Reputation: 131058
I try to use requests
library to get a content from an URL. In more details, I do it in the following way:
import requests
proxies = {'http':'my_proxy.blabla.com/'}
r = requests.get(url, proxies = proxies)
print r.text
As a result I get the following:
<?xml version="1.0" encoding="iso-8859-1"?>
<!DOCTYPE html PUBLIC "-//W3C//DTD XHTML 1.0 Transitional//EN"
"http://www.w3.org/TR/xhtml1/DTD/xhtml1-transitional.dtd">
<html xmlns="http://www.w3.org/1999/xhtml" xml:lang="en" lang="en">
<head>
<title>404 - Not Found</title>
</head>
<body>
<h1>404 - Not Found</h1>
</body>
</html>
So, it looks like the proxy let me go and I reached the server.
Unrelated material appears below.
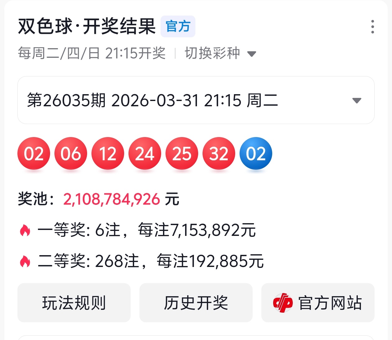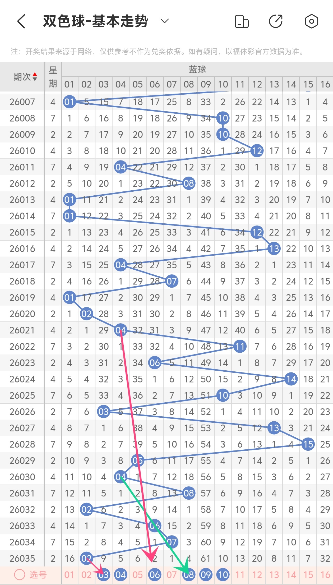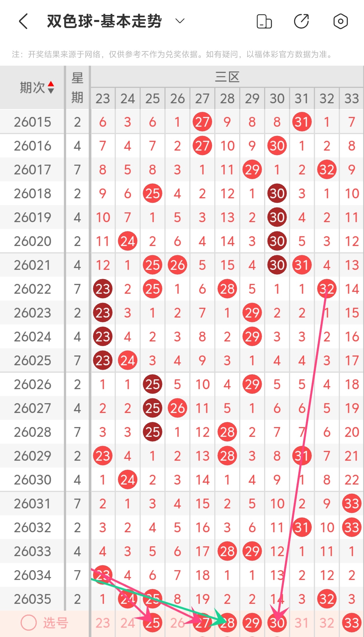 下面是我对2026036期福彩双色球的分析和预判,希望通过我的分析能让大家今晚大红!福彩双色球上期开奖号码如下图: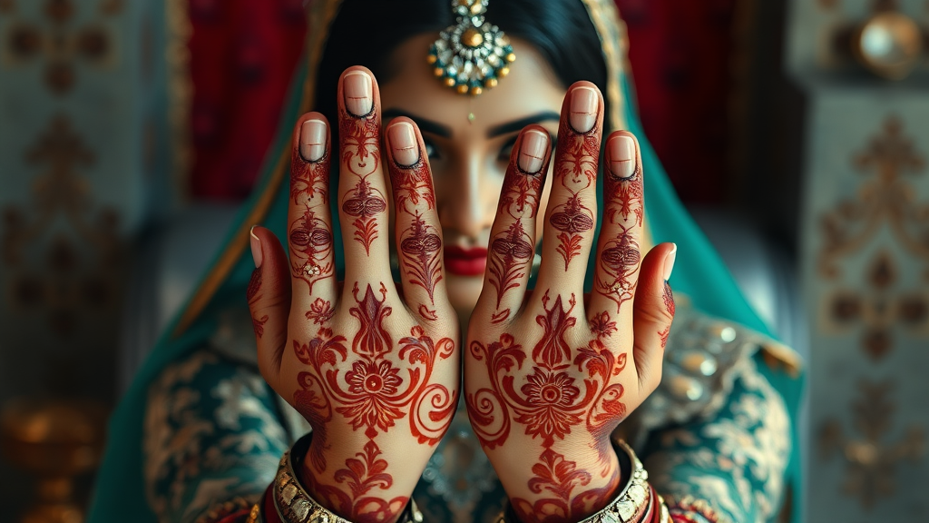 An exquisite Indian bride in opulent traditional attire reveals her intricately hennaed hands, capturing the essence of elegance in a photorealistic, ultra-detailed composition. The hyperrealistic portrayal, crafted through a wide angle lens and shot on 70mm film, showcases high-contrast shading and exquisite Indian-inspired motifs. The scene is awash with dark amber and rich emerald hues, accented by deep turquoise and warm brown tones, alongside vibrant mixes of orange with emerald and striking red beside emerald, complemented by the subtle clash of dark crimson and turquoise. The bride, encapsulated in high definition, radiates cultural sophistication.

However, the web server was unable to interpret my request (wrong path or so) and did not know what content to return. Do I interpret it correctly?
What can be the reason for that? I do get the expected content if I put the URL in one of my browsers.
ADDED
It has been suggested in the comments that the root of the problem is in the headers. So, I used this web site: http://www.procato.com/my+headers/ to find out what headers are sent by my browser. I used these values to set the headers
variable given to the requests.get
function. I set the values for the following keys: 'User-Agent', 'Accept', 'Referer', 'Accept-Encoding', 'Accept-Language', 'X-Forwarded-For', 'Cache-Control', 'Connection'. Unfortunately, it does not resolve the problem. I am still getting the same 404 response.
ADDED 2
I have tested my function for tow different URLs and got exactly the same response. So, my previous assumption that the responses (XML that I see) comes from the web-server is probably wrong. It is unlikely that two completely different web-servers (one of them was Google) generate the same responses.
So, now I do not understand where the XML comes from. Can it be that it comes from the proxy server?
Upvotes: 1
Views: 15089
Reputation: 1852
import requests
URL = 'https://www.blahblah.com'
proxy = {'http': 'http://www.blahblah.com'}
r = requests.get(URL, proxies = proxy)
print r.text
Upvotes: 1